The camera is a variable device (e.g., its color filter, its image capturing device, its tunable parameters, ...), and thus also device dependent color description. Create However, it is implicitly assumed that the camera produces an RGB color representation that leads to proper proper reproduction that can be checked with a MacBeth color checker, for example, on a typical intended (“standard”) display.

The basic standards for television colorimetry (for example NTSC and PAL, conveyed from MPEG-2) were developed in 1950 and bear in mind the display from that era.

CRT displays nowadays have completely different phosphors, but many more rigorous and many new display technologies for television viewing, such as LCDs, plasma display panels (PDPs), and e-ink displays for mobile / portable viewers in the future. Are introduced.

This means that a single RGB representation of color will lead to undesirable colors that are substantially different from the colors reproduced substantially on different displays.

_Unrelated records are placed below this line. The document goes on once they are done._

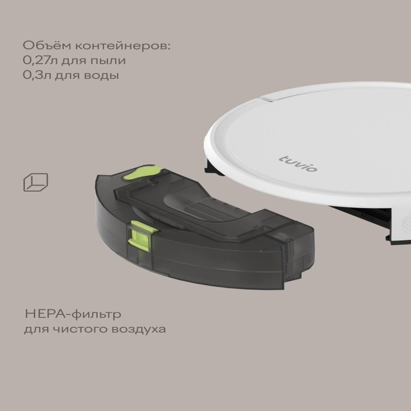 Tuvio TR01MGBW — это робот-пылесос с зарядной станцией. Поддерживает и сухую, и влажную уборку. Оснащён SLAM-навигацией и встроенным гироскопом: пылесос легко ориентируется в пространстве, распознаёт препятствия и отслеживает маршрут уборки.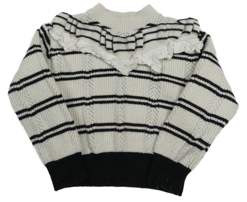 Smetanovo-černý pruhovaný žebrovaný vzorovaný úpletový crop svetr s volánky RIVER ISLAND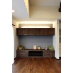 天井までの収納があったところにテレビボードを設置して空間を広げたい。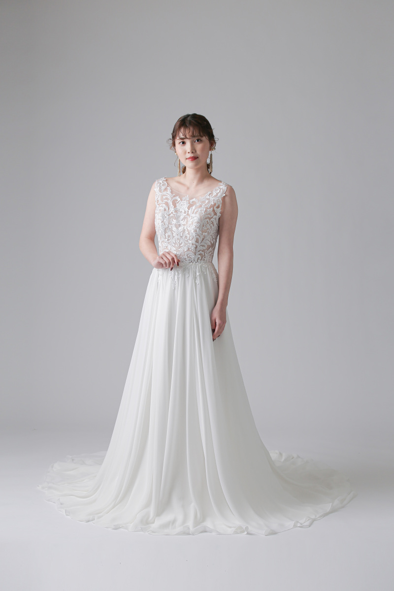 スタイリッシュな雰囲気を持つスレンダーラインで、且つ、胸元の刺繍が可憐さを残すドレスとなっております。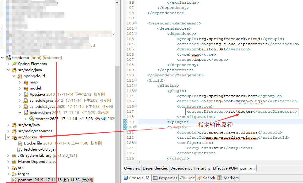 上面的路径是java工程的路径Dockerfile文件在上面的路径在工程中写好另外我们工程生成的java包也是需要生成输出到这个目录的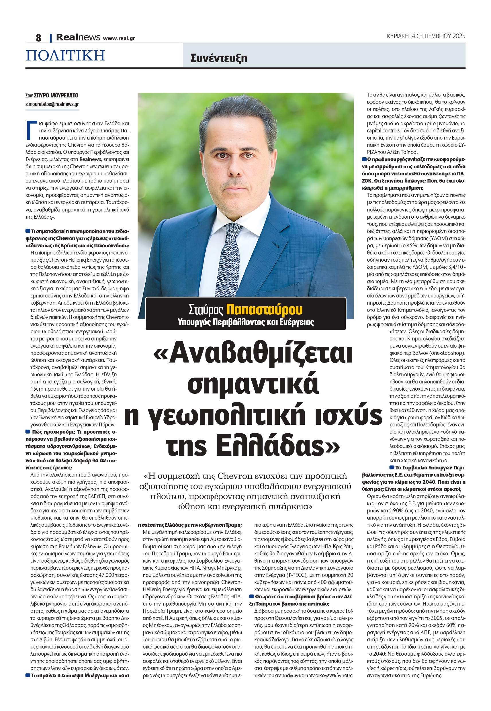 Ο υπουργός Περιβάλλοντος και Ενέργειας, μιλώντας στη Realnews, επισημαίνει ότι η συμμετοχή της Chevron «ενισχύει την προοπτική αξιοποίησης του εγχώριου υποθαλάσσιου ενεργειακού πλούτου με τρόπο που μπορεί να στηρίξει την ενεργειακή ασφάλεια και την οικονομία, προσφέροντας σημαντική αναπτυξιακή ώθηση και ενεργειακή αυτάρκεια. Ταυτόχρονα, αναβαθμίζει σημαντικά τη γεωπολιτική ισχύ της Ελλάδας».

For example, LCDs typically have lighter, greener blues than CRTs, so that, for example, an RGB color of [0,0,1] may look very different on the two displays. While this may not be unsatisfactory for the average viewer for most colors (since the color observation is actually very complex in the human brain), it may not be desirable for some deadly colors (eg white points or white skin colors). (flesh color)).

Thus, color conversion will be applied so that approximately the same (or at least more similar) colors, ideally colors from the original (at least when scene lighting is ignored), will be reproduced on both displays.

In the early stages of human vision, color vision is a linear process, so this can be theoretically performed (even for nonlinear representations, since nonlinearity of the display can be taken into account in the model), and linear light dimensions (eg For example, XYZ, linear RGB, for example, converts the camera's RGB values coming from the cable into RGB * values corrected for a particular display (conversion to and from the conversion color system of the present invention will be ignored). By applying a matrix (so-called matrixing).

However, there are many reasons why color correction has not become popular (i.e. no metrics or theoretically correct metrics are used in the display).

Knowledge of the physical behavior of the display (display driving values R, G, B on the display and also consequently display driving values such as Ye for multi-primary displays (e.g. Real light output of different channels when a value between 0 and 255 for the yellow primary pixel is provided), which reproduces approximately the same color (within certain measurement accuracy, stability, etc.) as the standard intended television display. It may have a display, but playback of the original scene's color cannot be done at this time.

One reason for this is that there is an uncompensated variability because the manufacturer knows what display they are making, since the other side (the recording side) of the television circuit is not perfectly standardized.

The photographer can change the appearance of the gamma conversion function, which determines the parameters of his professional camera, or the color corrector can introduce unknown parameters, so the color of the scene in the studio reproduction display used is realistic enough. However, small differences on the display can be large on other displays, especially since the displays have nonlinear gamma characteristics that can amplify the small differences into large color differences.

If there are a large number of uncontrollable variables on the playback side of the user's position with reflections and background light (and corresponding viewer adaptation) on the display, some people delete the color correction, which may be smaller than the unknown variable error. Because.

Secondly, two gamuts (eg, source gamut of color from the camera for a standard display and the actual display gamut) can usually be reproduced in one gamut even though they may have multiple colors. There is an infrastructure problem in the gamut mapping that always has some colors that cannot be reproduced in other gamuts.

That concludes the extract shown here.